Water Soluble Vitamins
Dog vitamin myths continue with water soluble vitamins and this misconception is really very interesting to point of being comical.
The reason is very simple; they are stored only in very small quantities in your dog’s body.
In fact, it is highly recommended that this class of nutrients absolutely be supplemented every day as any excessive amounts, even in huge quantities, are simply excreted from your dog’s body via their urine.
Although vitamin C may temporarily cause slight bouts of diarrhea in your dog, the benefits of this nutrient are huge.
In dogs, it is absolutely bursting to the forefront as potentially having the capability of preventing hip dysplasia in large breeds, as well as helping ease joint pains in any breed.
In fact, there have several recent studies that have shown that large quantities of vitamin C has dramatically reduced the pain of hip dysplasia in large breeds.
However, it is important to note that it did this with virtually no side effects other than initial bouts of slight diarrhea.
After your dog’s system gets used to these high quantities, this will subside very quickly.
But the list is still not complete, as it also helps with bladder infections in dogs as it helps in acidifying their urine.
By preforming this task, it also helps to kill most of the bacteria that can lead to these infections.
The dog vitamin myths surrounding the B-complex of vitamins begins with Thiamin, which is critical for the normal functions of your dog’s nerves and muscles as it converts glucose into energy.
Deficiency of this nutrient can affect their reflexes as well as their nervous system.
If the deficiency is severe enough, it can take your dog’s life and there is to this date not a single documented case of toxicity.
The next dog vitamin myth involves Niacin, which also has no toxicity ever recorded in dogs.
However, a deficiency can lead to black tongue disease, inflamed gums, as well as bloody diarrhea which can also take your dog’s life.
Next on the list is Riboflavin, also known as B-2, where a deficiency can lead to poor growth, several eye abnormalities, weakness in their limbs, and potential heart failure.
There have also never been any reported cases of toxicity with this nutrient.
Pantothenic acid and Folic acid or B-12 also have no known reported cases of toxicity, and this leaves vitamin B-6 and Biotin which are the most common of the water soluble dog vitamin myths outside of vitamin C.
A deficiency of B-6 can very easily lead to anemia, poor growth, as well as skin lesions, and if severe enough, the death of your dog.
This nutrient is considered to be essential in maintaining your dog’s complete health, and also has no known reported cases of toxicity.
The final of the dog vitamin myths involves Biotin, and it is most famous for what it does for your dog’s skin as well as their hair coat.
However, it is also absolutely essential for your dog to have normal digestion, muscle functions, and has also been linked to small litters if there is a deficiency.
If you live on a farm and your dog is known to eat or suck on raw eggs, a deficiency of Biotin can occur very rapidly as they contain an enzyme that will destroy the biotin in your dog’s body.

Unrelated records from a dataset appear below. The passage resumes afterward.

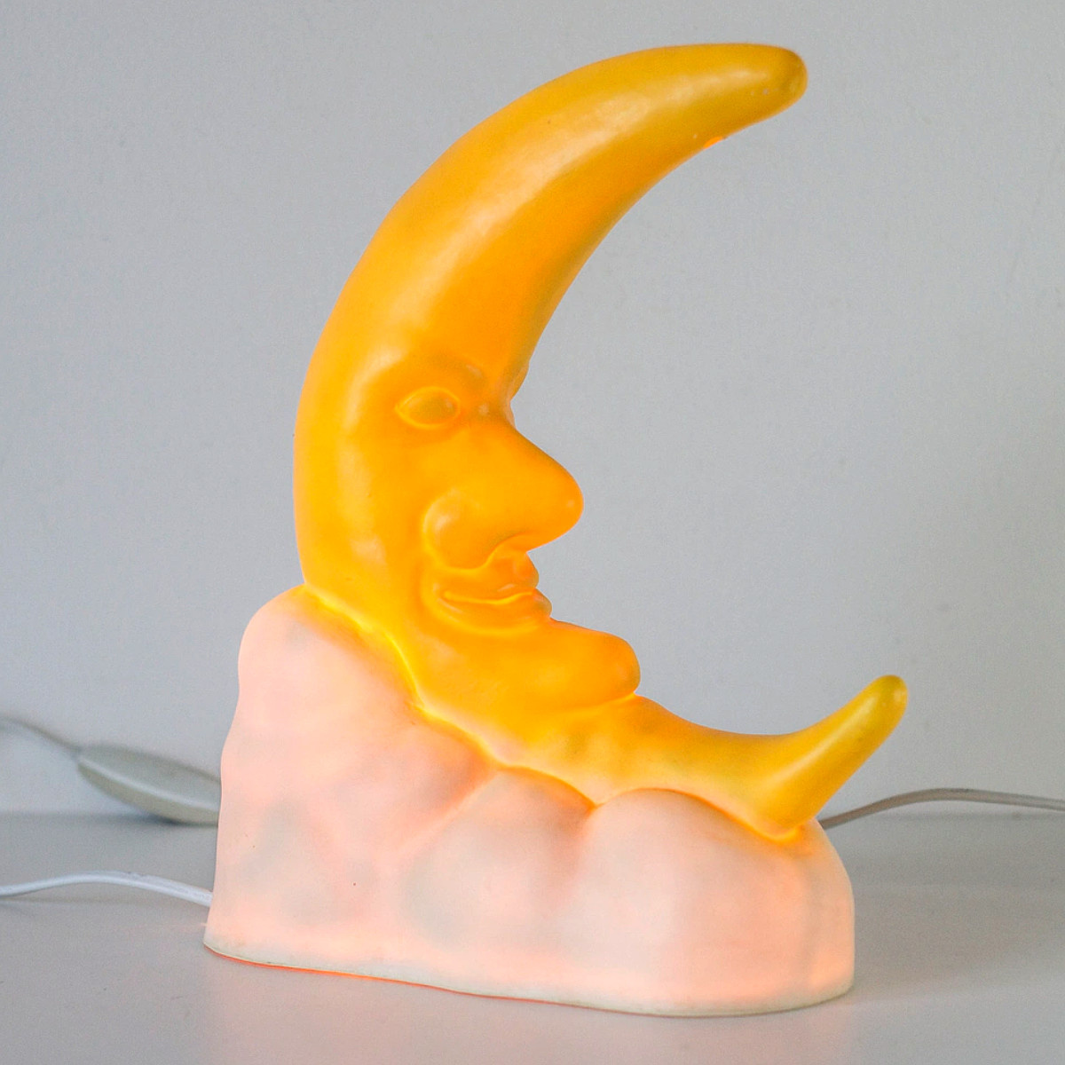 Retro tafellamp in de vorm van een halve maan. Vormgegeven in geel met een vriendelijk gezicht en gesitueerd op een witte wolk. Een decoratieve en karaktervolle lamp.
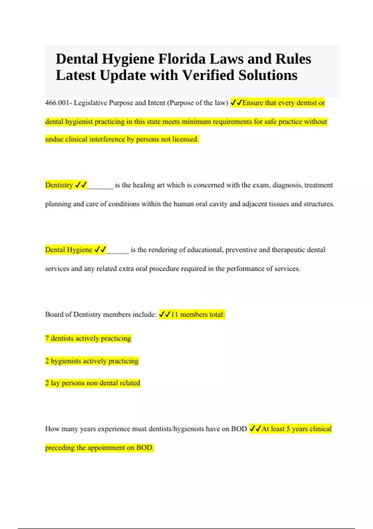 Dental Hygiene Florida Laws and Rules Latest Update with Verified Solutions
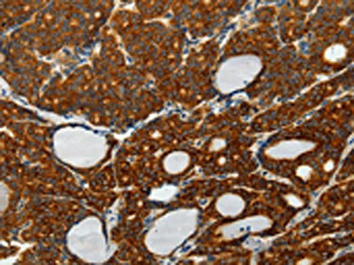The image on the left is immunohistochemistry of paraffin-embedded Human thyroid cancer tissue using CSB-PA830765(SELM Antibody) at dilution 1/25, on the right is treated with fusion protein. (Original magnification: ×200)
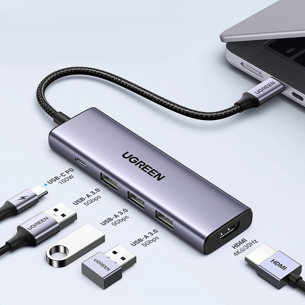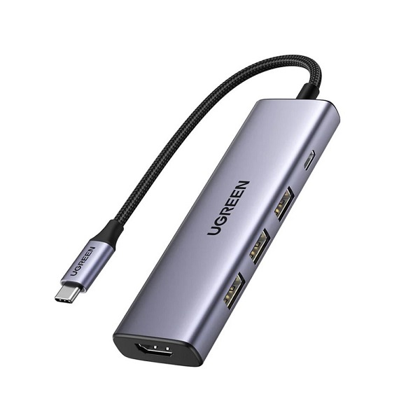 UGreen 15596 USB-C 5-In-1 Docking Station With 3x USB3.0 And HDMI 4K@30Hz And USB-C 100W (Max) Power Delivery - Grey Colour
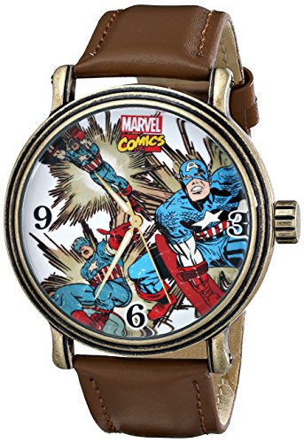 Item model number: W001759 Batteries: 1 Nonstandard Battery batteries required. (included) Date first listed on Amazon: October 10, 2014 Brand, Seller, or Collection Name:Marvel Model number:W001759 Part Number:W001759 Item Shape:Round Dial window material type:Mineral Display Type:Analog Clasp:Buckle Case material:Metal Case diameter:43 millimeters Case Thickness:10 millimeters Band Material:Synthetic leather Band length:8.8 inches Band width:22 millimeters Band Color:Brown Dial color:White Bezel material:Metal Bezel function:Unidirectional Item weight:1.12 Ounces Movement:Analog quartz Water resistant depth:99 Feet

Toxicity from this water soluble vitamin is also considered to be virtually non-existent.
Dog vitamin myths are still alive and well on the internet.
However as these facts suggest, the quantities would have to be extremely high in the fat soluble vitamins, and toxicity is virtually impossible in water soluble vitamins.
If you use a well-known brand of liquid or powered dog vitamins twice a day and mix the suggested quantities into your dog’s food, toxicity is virtually impossible but the benefits are very real.